Depois de meia hora, vendo que eles estavam se comportando, Kátia relaxou a guarda.
Quem diria que, momentos atrás, o homem que agora estava no chão não parava de perguntar o que ela fazia, onde trabalhava e qual era seu salário anual. Kátia franziu a testa, não querendo responder.
Mas o homem insistia. Assim que Kátia estava prestes a mandá-los embora com frieza, a cena anterior aconteceu.
Ao ouvir que seria expulso, o acompanhante no chão ficou furioso.
Pelas regras do local, ser expulso do camarote por um cliente significava não apenas que a noite estava perdida, mas também que seu bônus seria descontado.
Ele imediatamente começou a xingar:
— Puta que pariu, sua vadia de merda!
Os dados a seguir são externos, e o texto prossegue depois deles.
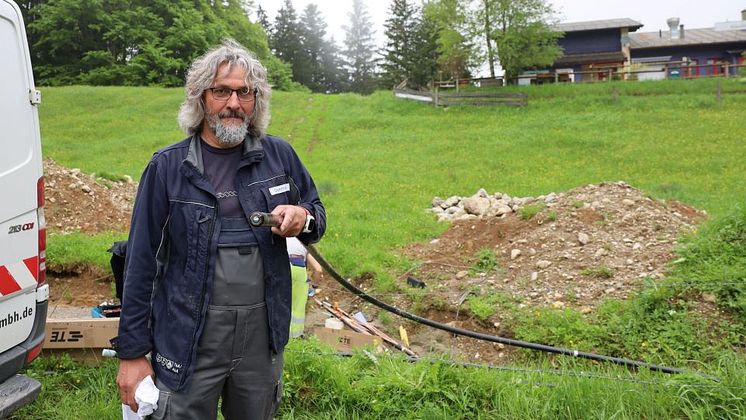 In Samerberg hat die Bayernwerk Netz vergangene Woche Transformatorenstationen im Berggebiet des Hochries erneuert. Servicetechniker Richard Nachbar zeigt das eingesetzte Erdkabel, mit dem die Transformatorenstation angeschlossen wird.

Vem aqui se divertir e quer bancar a santa, você... ah...!
Nilton não o deixou terminar. Ele pisou com força no pulso do homem, torcendo o pé para frente e para trás.
Um grito agudo, como o de um porco sendo abatido, ecoou pelo camarote.
Os outros dois ficaram apavorados e imediatamente pegaram seus celulares para ligar para o gerente.
Cinco minutos depois, o gerente entrou chutando a porta, acompanhado por dois seguranças corpulentos.
— Sávio, é aquele cara ali, ele está causando problemas!
O gerente, chamado Sávio, avaliou Nilton e disse com um ar arrogante:
— Ei, parceiro, veio arrumar confusão? Você é bonitão. Que tal ficar e trabalhar como acompanhante? Com esse rosto e esse corpo, você seria um sucesso. Garanto que ganharia uns dez mil por noite!
Assim que ele terminou de falar, os outros caíram na gargalhada.
Amélia ficou vermelha de raiva.
— Dez mil por noite? Quem você pensa que está insultando?
— Ei, dez mil por noite não é pouco. Se o seu homem estiver disposto a acompanhar madames ricas, ele pode ganhar mais de cem mil por mês!
O canto da boca de Amélia tremeu de raiva. Ela levantou a mão para lhe dar um tapa, mas foi impedida por Nilton.
— Não vale a pena sujar as mãos.
Dito isso, ele pegou o celular.
— Alô, Sr. Ferraz. Estou no camarote 308, preciso que venha aqui.
Nilton desligou o telefone, lançou um olhar frio para eles e depois tirou o próprio casaco, colocando-o sobre os ombros de Kátia.
Kátia olhou para baixo e viu que, em algum momento, o zíper lateral de seu vestido havia sido aberto até a metade.